I think the issue can be mitigated by the fact that the SSLError above with the official Python.org binary only happens when attempting to install from the test.pypi.org server. It doesn't happen when one pip installs from the regular pypi, does it?

If so, then this is just a temporary issue which will go away once afdko is uploaded to the actual PyPI server, instead of the test one.

[robinsdg]

In my search for answers to these issues, I found plenty of similar complaints about other packages. pypi.org is https, so it’s very well possible that this problem isn’t going away when we stop with the test server.

[anthrotype]

Also, note that none of the instructions I gave above is anything special or related to the afdko or homebrew (well, of course, besides invoking brew itself).
This is all standard python and info is available on https://packaging.python.org/ so I don't think it should be explained in the AFDKO or any other python package's documentation, besides having a link to the official python docs.

[anthrotype]

it’s very well possible that this problem isn’t going away when we stop with the test server

I just tried to call pip install fonttools from within a virtualenv created with the python.org's python executable (which returns 'OpenSSL 0.9.8zh 14 Jan 2016' as import ssl; print(ssl.OPENSSL_VERSION)) and it worked without problems.

[anthrotype]

they may be using a different certificate format which is unsupported on later OpenSSL versions, on the test server as opposed to the production one.

[robinsdg]

All right, fair enough.
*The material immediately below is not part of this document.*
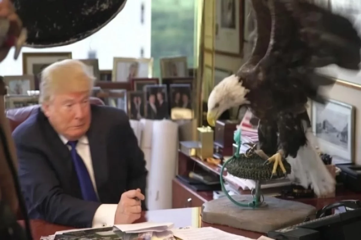 На ролике орёл ведёт себя агрессивно по отношению к Трампу, пытаясь ухватить его за голову.

Then my hands are off.

[miguelsousa]

it's a pity that the afdko package be tied with any particular python distribution

@anthrotype Is it? I had no idea. What is it tied to? How can we remove that limitation? Sorry, it's not clear from reading the discussion above.

[anthrotype]

I meant that before it used to bundle it’s own python. Let’s not force users to use a particular python now (eg homebrew’s)

[miguelsousa]

Ah, got it.

[pradyunsg]

http://pyfound.blogspot.in/2017/01/time-to-upgrade-your-python-tls-v12.html

It's actually because of lack of TLS 1.2 support on old MacOS System Pythons.

[pradyunsg]

Also, pip 9.0.3 has a patch to use TLS 1.2 on affected systems.

[hadifarnoud]

struggling with is issue too. what is the solution? can't code cuz cant use pip

[readroberts]

See the article 'time-to-upgrade-your-python-tls-v12.html' referenced by pradyunsg above. An alternative is to upgrade your Mac OS to High Sierra; the system python does then support TLS 1.2. It is unfortunate that PyPi and other organizations are being forced to switch over to using TLS 1.2, as it does mean that everyone who wants to use pip with Python 2.7 must either upgrade to High Sierra, or build and install the latest Python distribution. Well, time will make this steadily less of a problem.

[anthrotype]

I think it should be enough to simply upgrade pip to 9.0.3. Did you try that?

[hadifarnoud]

I managed to upgrade it with curl https://bootstrap.pypa.io/get-pip.py | python that fixed the issue.

PS: I am on high sierra.

[simbawesley]

I ran the following commands to resolve the issue

$ curl https://bootstrap.pypa.io/get-pip.py >> get-pip.py
$ python get-pip.py

This upgraded pip to pip-9.0.3 and this version has no issues

[iyurev]

Yes, This's works!!!

[gitanupam]

This could be a result of the recent TLS support deprecation by Python.org sites. Python.org sites have stopped supporting TLS v1.0 and v1.1. Need to upgrade pip (but without using pip) to resolve it. See this SO post with details

[nextkitt]

$ curl https://bootstrap.pypa.io/get-pip.py | sudo python
$ sudo pip install -U virtualenv
$ virtualenv env.test 
$ source env.test/bin/activate
$ pip -V
pip 10.0.1 from xxxx
$ pip install xxx

[readroberts]

Hi nextkitt; I assume you are posting this because installing the AFDKO failed for you. If this is correct, did you also try the last step in gitanumpam's post, of updating setup tools? 'pip install --upgrade setuptools'.

[gfarb]

I know this issue is closed but I had the same issue and with hours of research and attempting potential solutions nothing seemed to work. Ended up uninstalling and reinstalling Python and have not ran into this issue since, I highly suggest you try this.